• Problem
Set down, please, the line that contains "Découvrez le terrassement" and every line that follows it to the end of the records, exactly; do not include pictures.

• Data provided
--------------------------------------------------

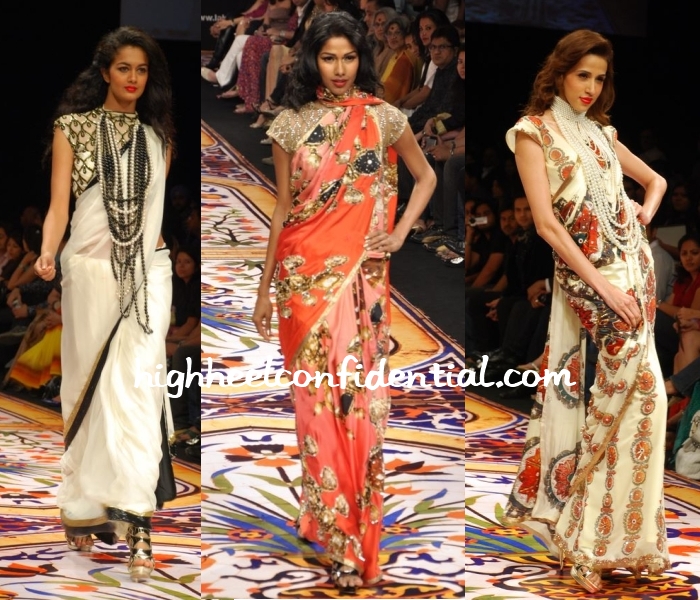 She looked great but that sari isn’t our thing. As awesome as the jewel print looked on the kaftans, on the sari it just was so overwhelming. Loved the more eclectic prints and my favorite was the plain white sari with the border… ironically the least Pria Kataria looking outfit of the collection! 🙂
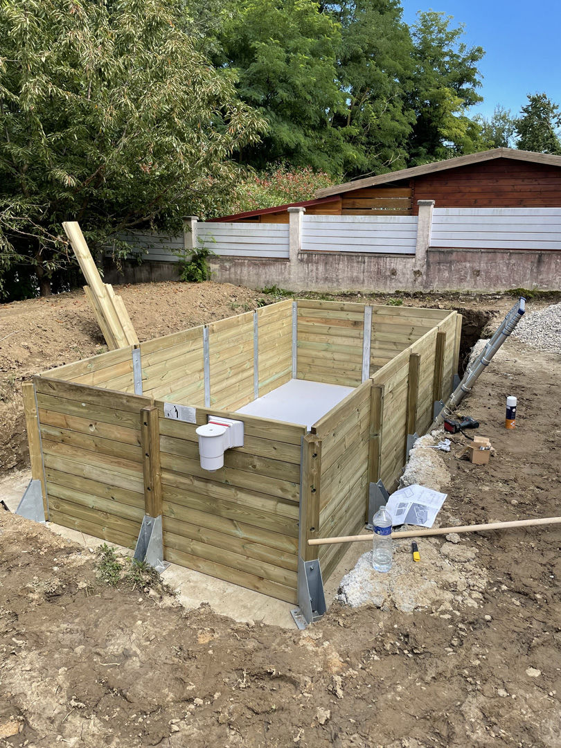 Découvrez le terrassement et l'installation de cette piscine en bois creusée par AT Terrassement.
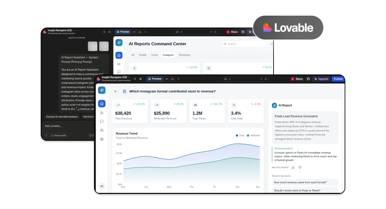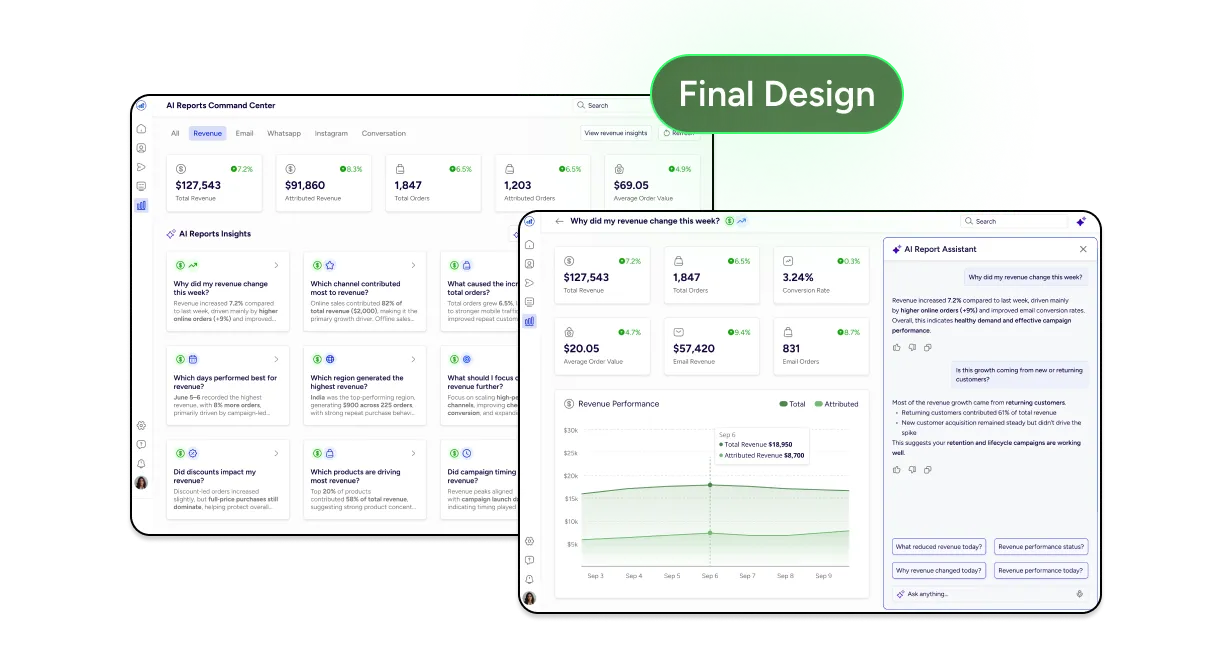 What began as static reports evolved into an interactive insight layer. By combining structured data, thoughtful UX and AI‑assisted explanations, the design transforms reports from passive dashboards into active decision tools.
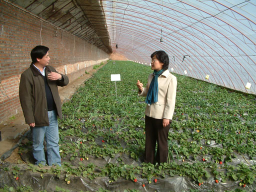 在听完基本情况介绍和实地考察后,王书记指出,兴寿镇作为世俱杯服务京郊新农村建设六大基地之一,学校应给予更多的关心与支持。在麦庄村草莓种植专业村建设中,学校将发挥技术优势和多学科优势,在种植技术、无公害和有机草莓生产等方面下功夫,还将选派植保教师配合工作,加强对病虫害防治技术的指导,提高总体管理水平,进一步增加农民收入。王书记代表学校感谢董清华同志的辛勤工作,并对其在服务京郊新农村建设中取得的成绩表示祝贺。
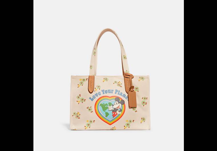 - Disney X Coach Tote 30 In 100 Percent Recycled Canvas With Floral Print And Mickey Mouse
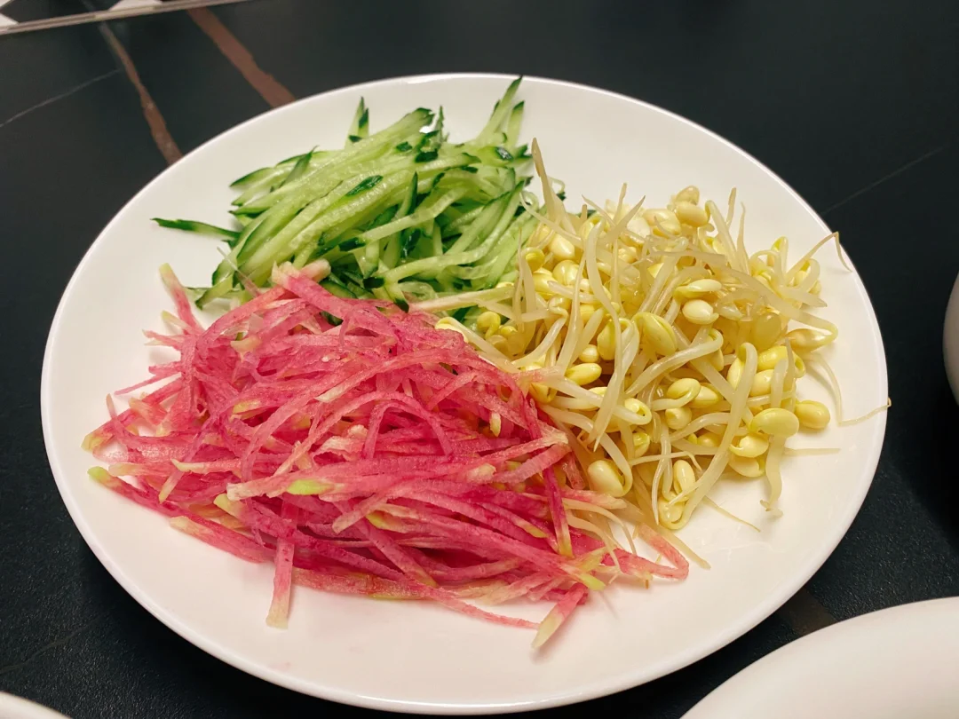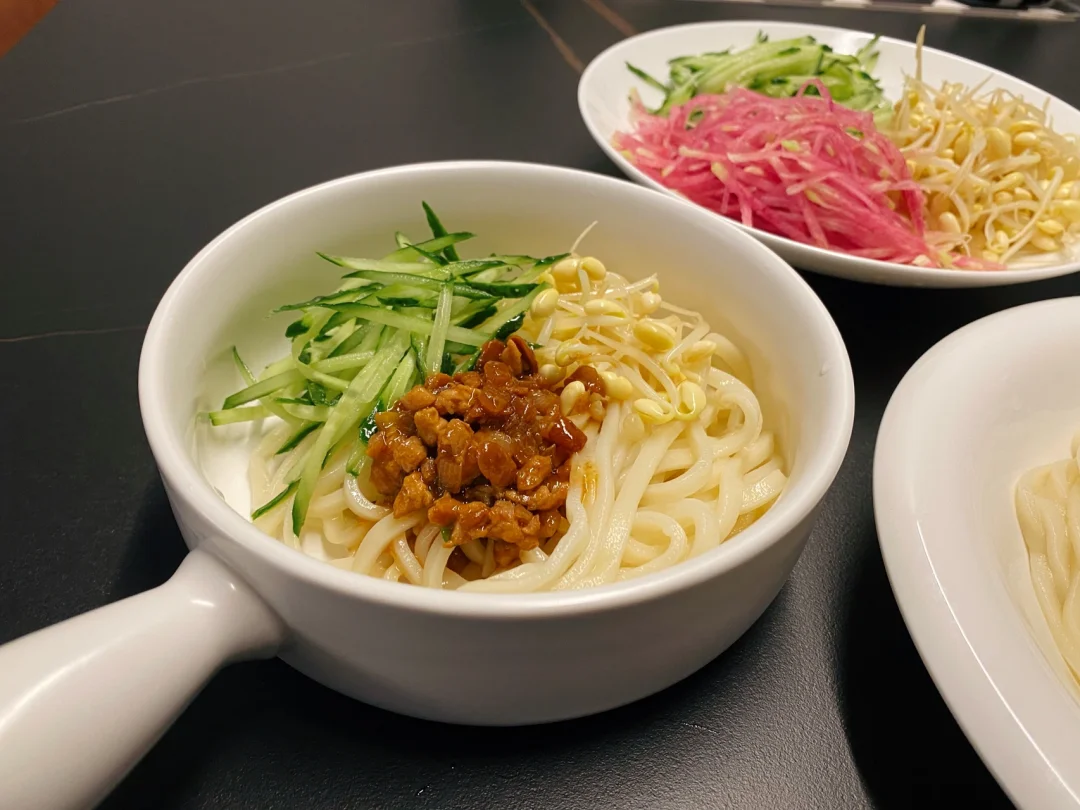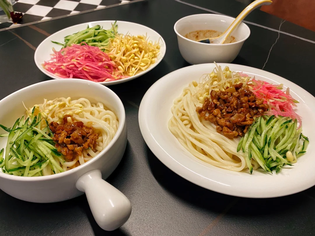 我自己其实是面食爱好者,从小喜欢的主食就是面食,各种面条~ 今天做了好久没吃的老北京炸酱面 老北京炸酱面的正宗菜码要有心里美萝卜丝,黄瓜丝,黄豆芽等,肉酱应该配的是甜面酱,但是我家只有黄豆酱,最后做出来也很好吃😋 我自己最少吃一盘[偷笑R]

--------------------------------------------------

• Result
 Découvrez le terrassement et l'installation de cette piscine en bois creusée par AT Terrassement.
 What began as static reports evolved into an interactive insight layer. By combining structured data, thoughtful UX and AI‑assisted explanations, the design transforms reports from passive dashboards into active decision tools.
 在听完基本情况介绍和实地考察后,王书记指出,兴寿镇作为世俱杯服务京郊新农村建设六大基地之一,学校应给予更多的关心与支持。在麦庄村草莓种植专业村建设中,学校将发挥技术优势和多学科优势,在种植技术、无公害和有机草莓生产等方面下功夫,还将选派植保教师配合工作,加强对病虫害防治技术的指导,提高总体管理水平,进一步增加农民收入。王书记代表学校感谢董清华同志的辛勤工作,并对其在服务京郊新农村建设中取得的成绩表示祝贺。
 - Disney X Coach Tote 30 In 100 Percent Recycled Canvas With Floral Print And Mickey Mouse
 我自己其实是面食爱好者,从小喜欢的主食就是面食,各种面条~ 今天做了好久没吃的老北京炸酱面 老北京炸酱面的正宗菜码要有心里美萝卜丝,黄瓜丝,黄豆芽等,肉酱应该配的是甜面酱,但是我家只有黄豆酱,最后做出来也很好吃😋 我自己最少吃一盘[偷笑R]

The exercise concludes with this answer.